高齢者がかかりやすい主な疾患:包括的ガイド

65歳以上の高齢者は、加齢に伴う身体変化や遺伝的要因、長年にわたる生活習慣・リスクの蓄積により、特定の疾患にかかりやすくなります。本稿では、主な疾患をカテゴリー別に整理し、予防や管理のポイントも併せて解説します。

1. 心血管系疾患

・冠動脈疾患(心臓病)

冠動脈が狭くなるか閉塞し、胸痛や息切れを引き起こし、心筋梗塞や脳卒中のリスクが高まります。

・脳卒中(脳血管障害)

脳への血流が途絶えることで急激に神経機能が低下し、麻痺・言語障害・認知障害などが残ります。

2. 神経変性疾患

・アルツハイマー病

記憶力や認知機能が徐々に低下し、最終的には日常生活が自立できなくなる進行性の脳疾患です。

・パーキンソン病

振戦、筋肉の硬直、姿勢保持・歩行障害などが現れる慢性神経疾患です。

3. がん

・前立腺がん(男性)

前立腺の細胞が異常増殖し、初期は無症状ですが進行すると排尿障害や転移が起こります。

・乳がん(女性)

乳腺組織に悪性腫瘍ができ、早期発見が予後改善の鍵です。

・大腸がん

結腸・直腸に発生し、便通の変化や出血が兆候となります。

・肺がん

喫煙歴が大きく関与し、咳・呼吸困難・体重減少が主な症状です。

4. 糖尿病

・2型糖尿病

インスリンの分泌不足または作用低下により血糖が慢性高値となり、合併症リスクが高まります。

5. 筋骨格系障害

・関節炎

変形性関節症(摩耗性)やリウマチ性関節炎が主で、関節の痛み・腫れ・可動域低下を引き起こします。

・骨粗鬆症

骨密度が低下し、骨折しやすくなります。
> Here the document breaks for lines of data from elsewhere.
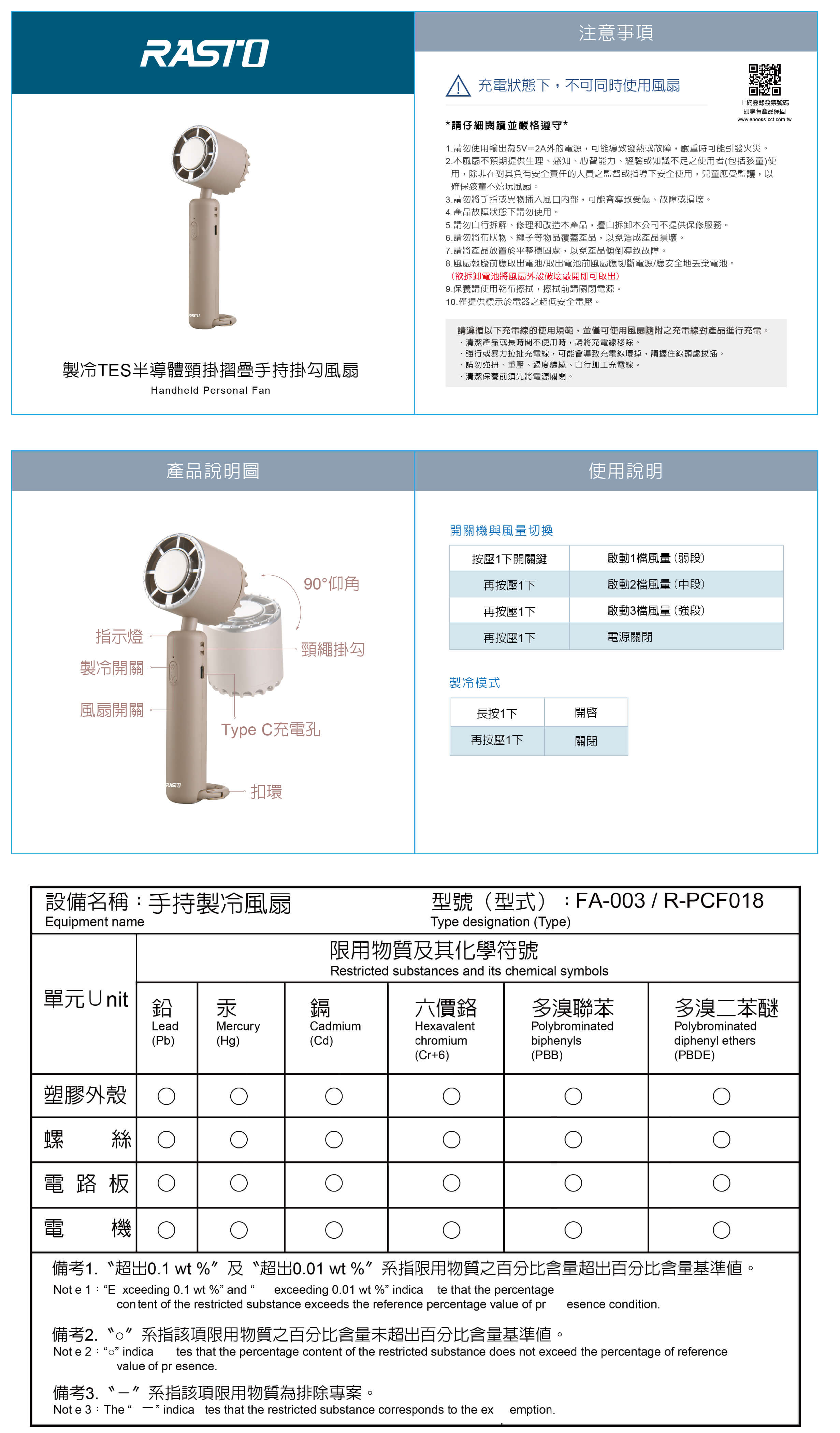 RASTO RK18【台灣製造】製冷TES半導體頸掛摺疊手持掛勾風扇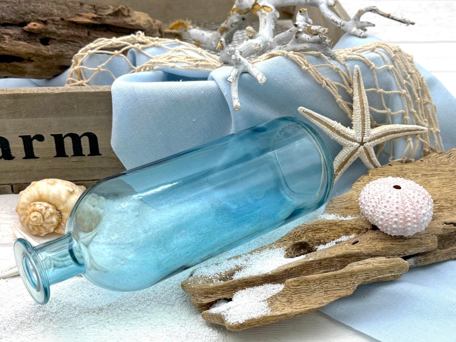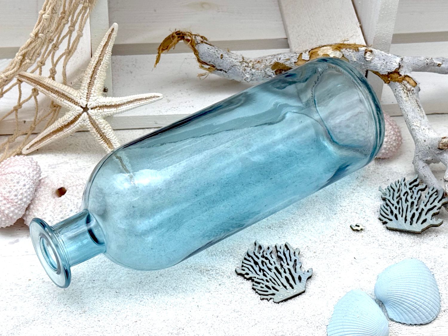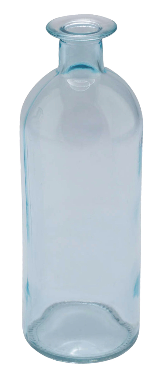 Eine schlanke Deko Vase - Dekoflasche aus hellblau gefärbtem Glas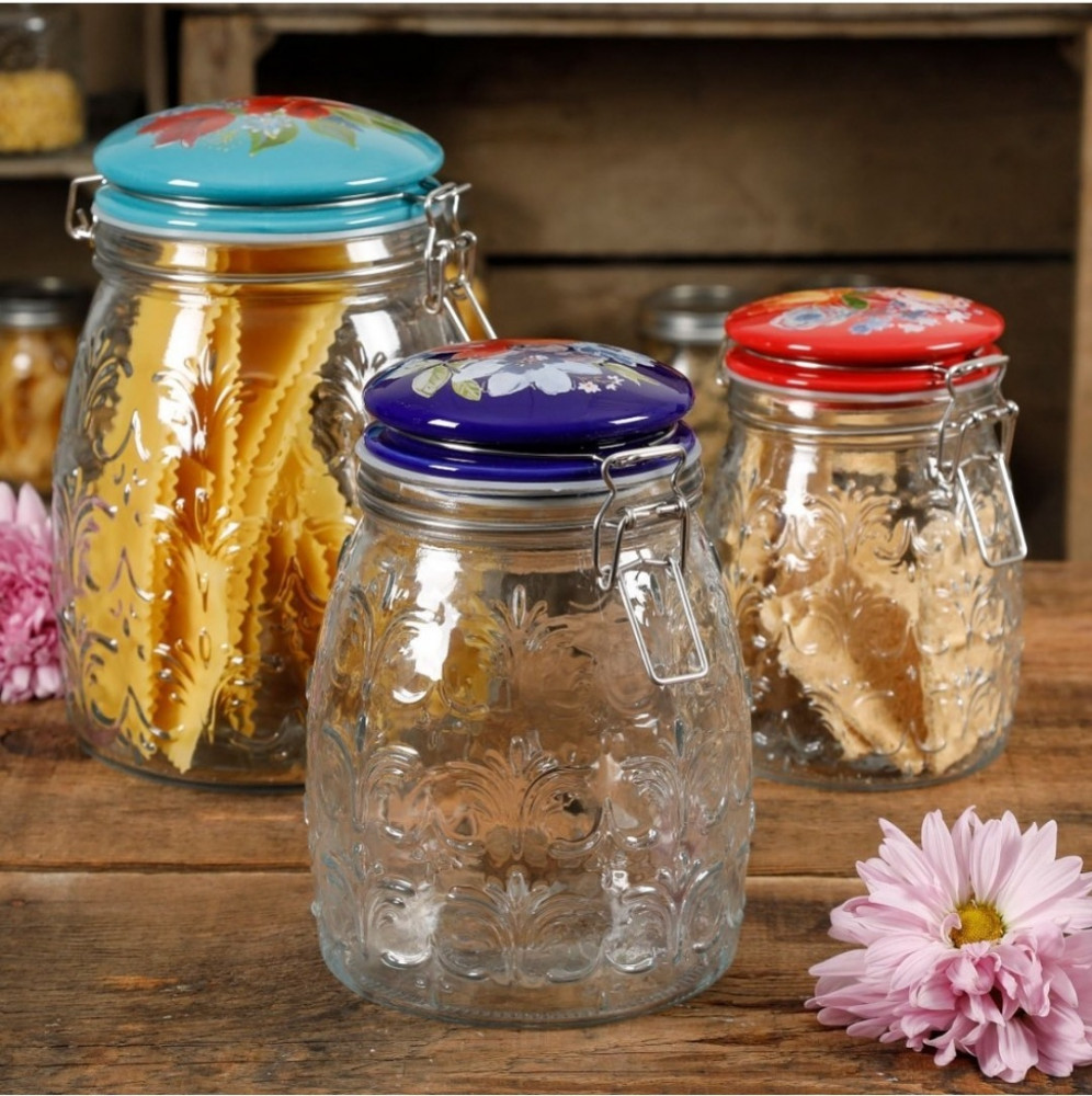 طقم جار زجاج سميك مع نقشهمناسب لحفظ الكوكيز و الرز والطحين محكم الاغلاق أغطيه ملونه بايونير ومن3 أحجام كبيرهوسط /صغيره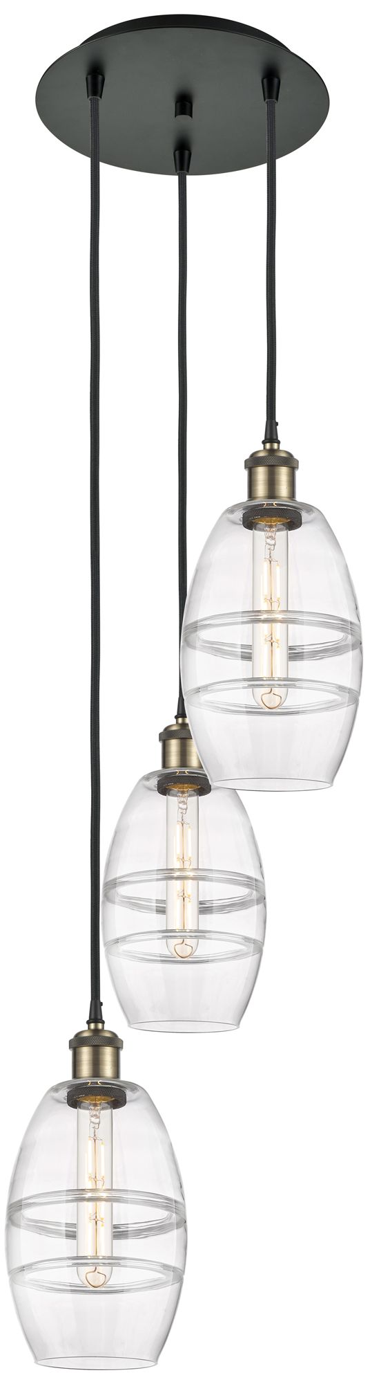 Ballston Vaz 12.38"W 3-Light Black Brass Corded Pendant w/ Clear Shade

特に椎骨・大腿骨の骨折は致命的です。

6. 呼吸器系疾患

・慢性閉塞性肺疾患(COPD)

肺の気流が制限され、息切れや咳、痰が慢性化します。喫煙が主因です。

・肺炎

細菌・ウイルス感染により肺胞が炎症を起こし、高齢者では重症化しやすいです。

7. 排尿障害

・尿失禁

骨盤底筋の衰えや神経障害により、意図せずに尿が漏れます。

8. 感覚障害

・聴覚低下

加齢性難聴は徐々に進行し、会話の聞き取りが困難になります。

・視覚障害

加齢黄斑変性や白内障が主で、視力低下や視野欠損をもたらします。

9. 認知機能低下

・軽度認知障害(MCI)

記憶力や思考力の軽い低下で、アルツハイマー病への前駆状態とみなされます。

10. 精神的健康問題

・うつ病・不安障害

持続的な悲しみや無気力、過度な不安感が日常生活に支障をきたします。早期の診断と治療が重要です。

11. フィットネス低下症候群(フレイル)

体力・エネルギー・全身の健康状態が総合的に低下し、転倒・障害・入院リスクが増大します。

予防と管理のポイント

・定期的な健康診断で早期発見を心がける
・バランスの取れた食事(野菜・果物・魚介類中心)
・週に150分以上の有酸素運動や筋力トレーニング
・禁煙・節酒、適正体重の維持
・服薬管理と医師・薬剤師との連携
・睡眠・ストレス管理、社交的な活動の継続

これらの生活習慣改善と定期的な医療フォローにより、疾患の発症リスクを下げ、健康寿命を延ばすことが期待できます。